- [TASK TO CARRY OUT]: Pictures stay out, but every line of the data is copied exactly.

- [Data entries]:
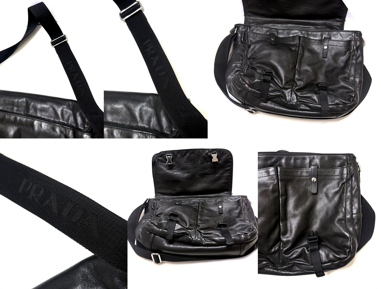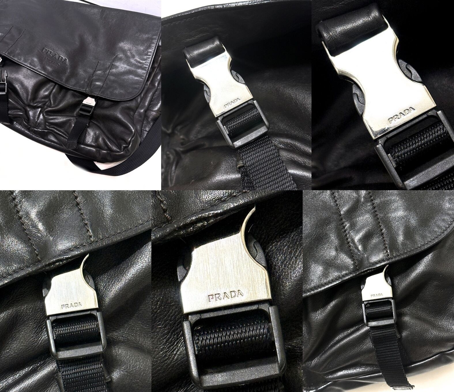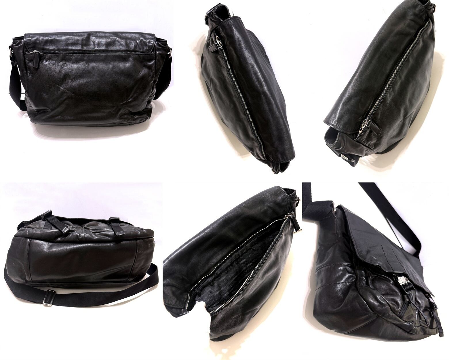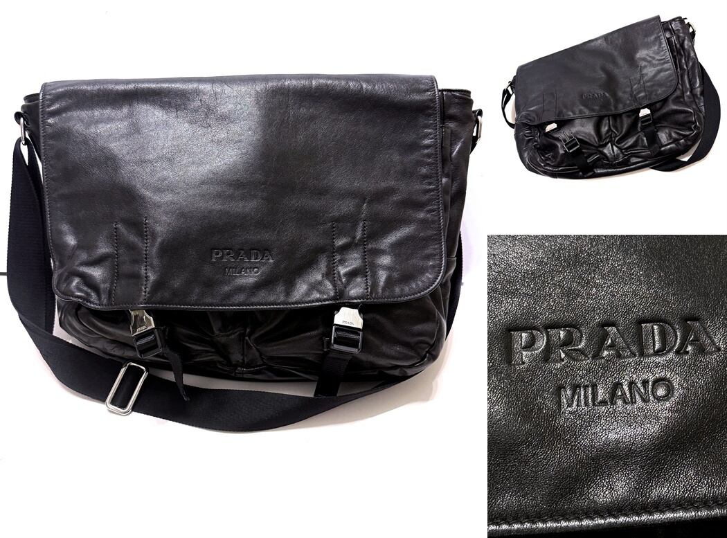 PRADA プラダ ラム レザー メッセンジャー ショルダー バッグ ハイエンド ロゴ エンボス ブラック メンズ
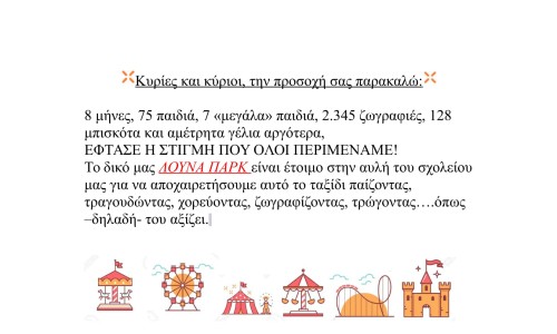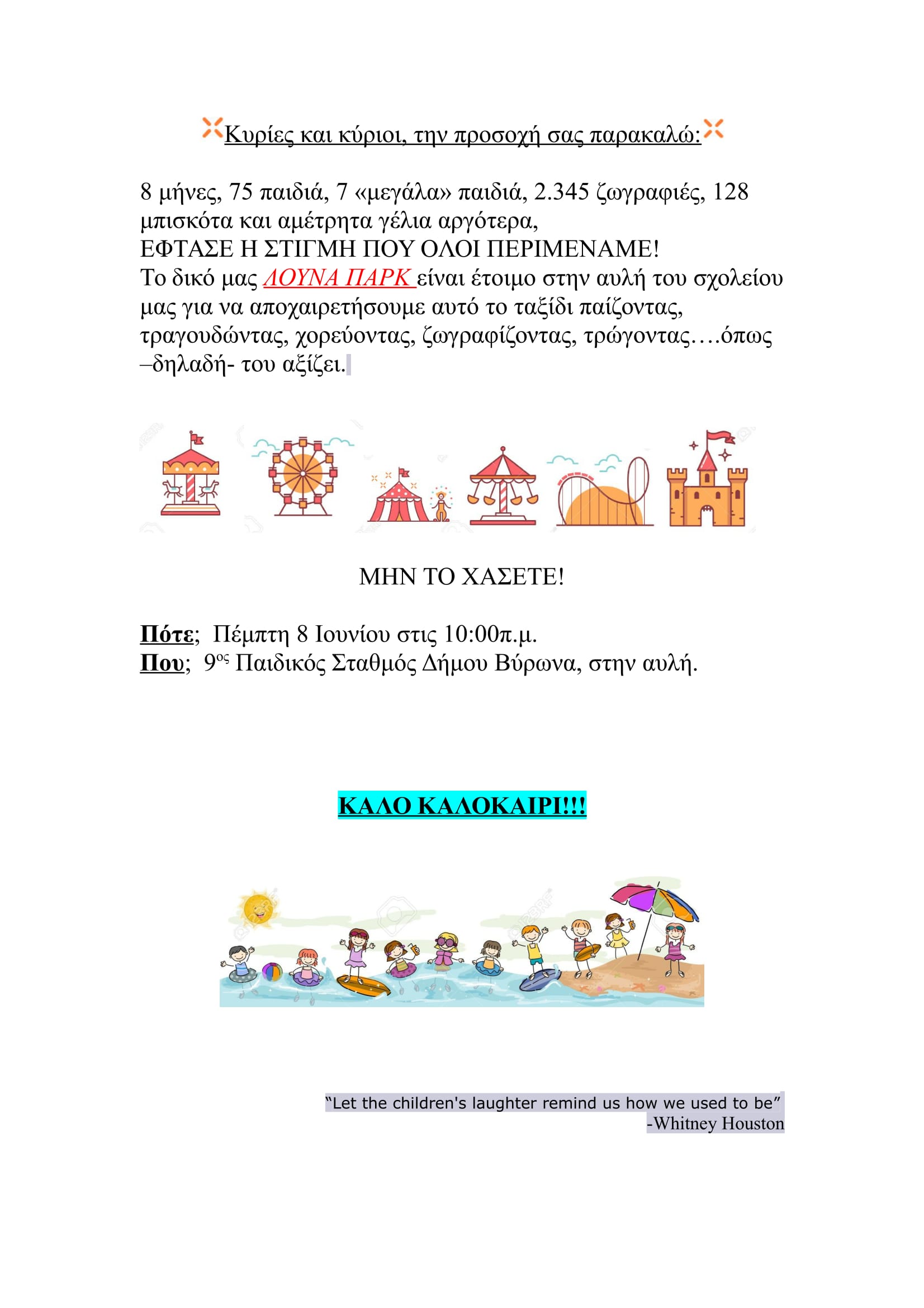 Το δικό μας ΛΟΥΝΑ ΠΑΡΚ είναι έτοιμο στην αυλή του σχολείου μας για να αποχαιρετήσουμε αυτό το ταξίδι παίζοντας, τραγουδώντας, χορεύοντας, ζωγραφίζοντας, τρώγοντας….όπως –δηλαδή- του αξίζει.
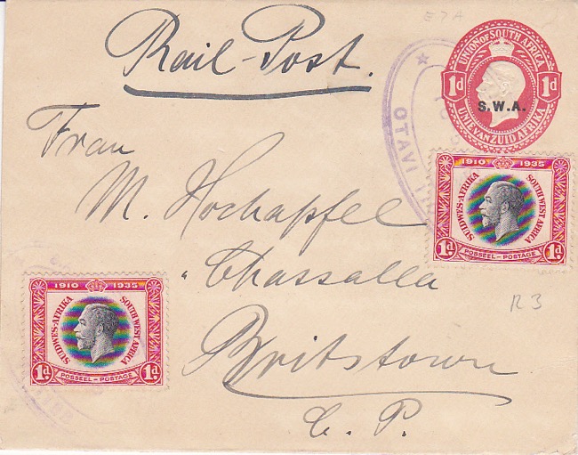 16.05.1935: Brief aus Otavi mit Stempel R. 2 nach Britstown SA, befördert auf der Nordlinie bis Kranzberg und dann auf der Nord – Südlinie über Nakop nach Südafrika [3] | |
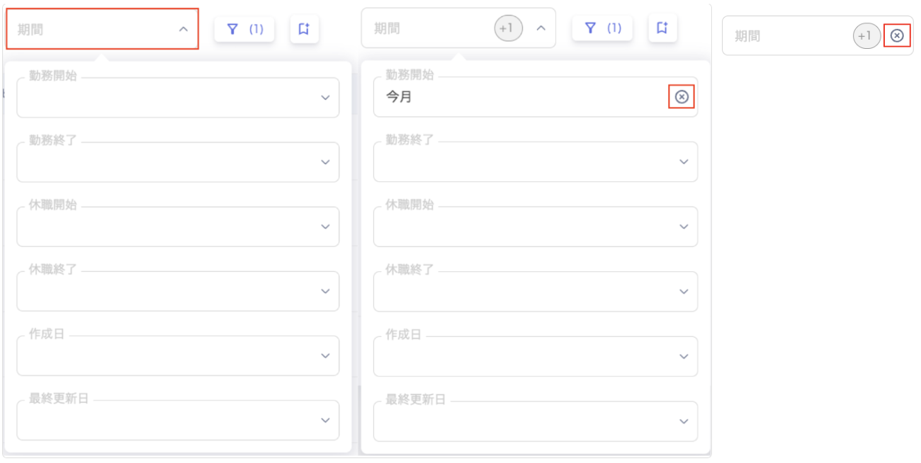 ディレクトリ一覧を各項目(カスタム属性も含みます)で絞り込めます。絞り込みを解除する場合は、右側の(×)で解除します。
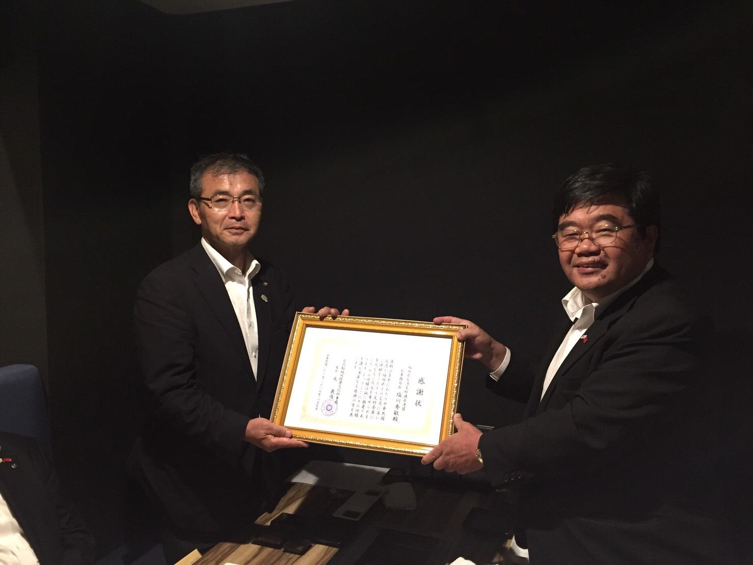 中華民国政府を代表し、福岡県議会日台友好議員連盟前会長及び事務局長に感謝状を贈呈ㄧ2018.8.8 駐福岡辦事處處長戎義俊は、食事会を設け、掲題の議員連盟前會長加地邦雄先生に感謝状を贈呈した。加地先生は、任期6年の間、台日地方議員交流や2014年10月に開催した國立故宮博物院ㄧ神品至宝展の成功、台日両国文化芸術交流に貢献。また塩川秀敏前事務局長は、議会交流及び日本の大学生と台湾の留学生の意見交換会を設けて下さり、学生間の国際交流に貢献。この度の感謝状贈呈は、改めて感謝の意を表したものである。 同時に、新任の井上忠敏会長と中牟田伸二事務局長への激励でもあり、素晴らしい伝統や基礎構築を受け継ぎ、今後も互いに両国の地方議会の交流を強化する事に邁進したいという思いである。 また、九州台日文化交流会本鄉啟成執行長が、台中市議会と福岡県議会の交流にも全力を注いで奔走している事に対し、感謝している。よって、この度、贈呈の立会人として同席して頂いた。 戎義俊 2017.8.8
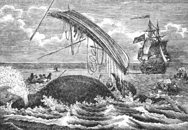 And observe how quickly do Fortune’s tables turn! Know, you Exerciser of the Will, that the scales of mortality may hinge on a fraction of a fraction! Consider this. In 1822, the whaling ship Baffin was cruising after its prey. In one of the boats was a harpooner named John Carr, and experienced and courageous whaling-man. His boat found itself amid a pod of whales, surrounded by nearly a hundred of the animals. Carr had his men row quietly in their midst, and he harpooned one whale who swam towards the boat; when the barb struck its target, the whale jerked sharply to one side, and this wrested the line from its place at the stern, throwing it up upon the gunwale.
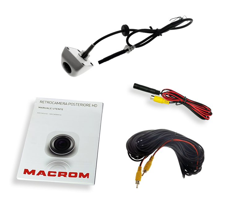 Caméra de recul arrière Easy-Fit AHD/CVBS, CMOS 1/3", Full HD, IP68, angle 150°, lignes de guidage, montage vertical, câble 12 m.
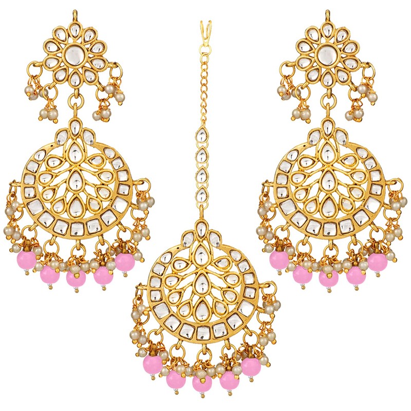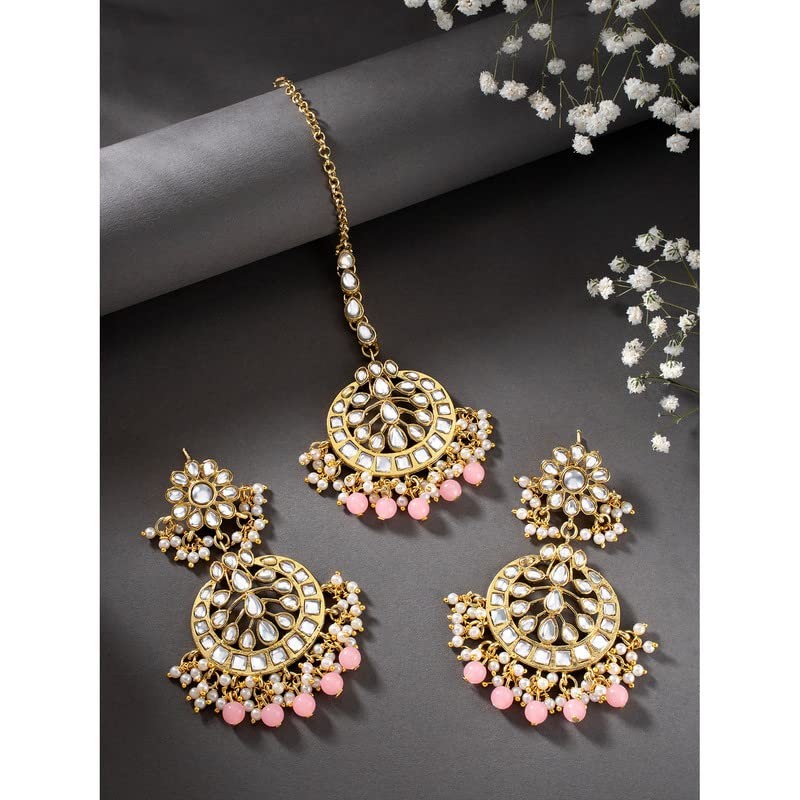 Aheli Exquisite Design Pink Colored Faux Kundan Chandbali Earrings Maang Tikka Set Ethnic Indian Jewelry Gift for Women

- [ANSWER TO THE PROBLEM]:
 PRADA プラダ ラム レザー メッセンジャー ショルダー バッグ ハイエンド ロゴ エンボス ブラック メンズ
 Το δικό μας ΛΟΥΝΑ ΠΑΡΚ είναι έτοιμο στην αυλή του σχολείου μας για να αποχαιρετήσουμε αυτό το ταξίδι παίζοντας, τραγουδώντας, χορεύοντας, ζωγραφίζοντας, τρώγοντας….όπως –δηλαδή- του αξίζει.
 16.05.1935: Brief aus Otavi mit Stempel R. 2 nach Britstown SA, befördert auf der Nordlinie bis Kranzberg und dann auf der Nord – Südlinie über Nakop nach Südafrika [3] | |
 ディレクトリ一覧を各項目(カスタム属性も含みます)で絞り込めます。絞り込みを解除する場合は、右側の(×)で解除します。
 中華民国政府を代表し、福岡県議会日台友好議員連盟前会長及び事務局長に感謝状を贈呈ㄧ2018.8.8 駐福岡辦事處處長戎義俊は、食事会を設け、掲題の議員連盟前會長加地邦雄先生に感謝状を贈呈した。加地先生は、任期6年の間、台日地方議員交流や2014年10月に開催した國立故宮博物院ㄧ神品至宝展の成功、台日両国文化芸術交流に貢献。また塩川秀敏前事務局長は、議会交流及び日本の大学生と台湾の留学生の意見交換会を設けて下さり、学生間の国際交流に貢献。この度の感謝状贈呈は、改めて感謝の意を表したものである。 同時に、新任の井上忠敏会長と中牟田伸二事務局長への激励でもあり、素晴らしい伝統や基礎構築を受け継ぎ、今後も互いに両国の地方議会の交流を強化する事に邁進したいという思いである。 また、九州台日文化交流会本鄉啟成執行長が、台中市議会と福岡県議会の交流にも全力を注いで奔走している事に対し、感謝している。よって、この度、贈呈の立会人として同席して頂いた。 戎義俊 2017.8.8
 And observe how quickly do Fortune’s tables turn! Know, you Exerciser of the Will, that the scales of mortality may hinge on a fraction of a fraction! Consider this. In 1822, the whaling ship Baffin was cruising after its prey. In one of the boats was a harpooner named John Carr, and experienced and courageous whaling-man. His boat found itself amid a pod of whales, surrounded by nearly a hundred of the animals. Carr had his men row quietly in their midst, and he harpooned one whale who swam towards the boat; when the barb struck its target, the whale jerked sharply to one side, and this wrested the line from its place at the stern, throwing it up upon the gunwale.
 Caméra de recul arrière Easy-Fit AHD/CVBS, CMOS 1/3", Full HD, IP68, angle 150°, lignes de guidage, montage vertical, câble 12 m.
 Aheli Exquisite Design Pink Colored Faux Kundan Chandbali Earrings Maang Tikka Set Ethnic Indian Jewelry Gift for Women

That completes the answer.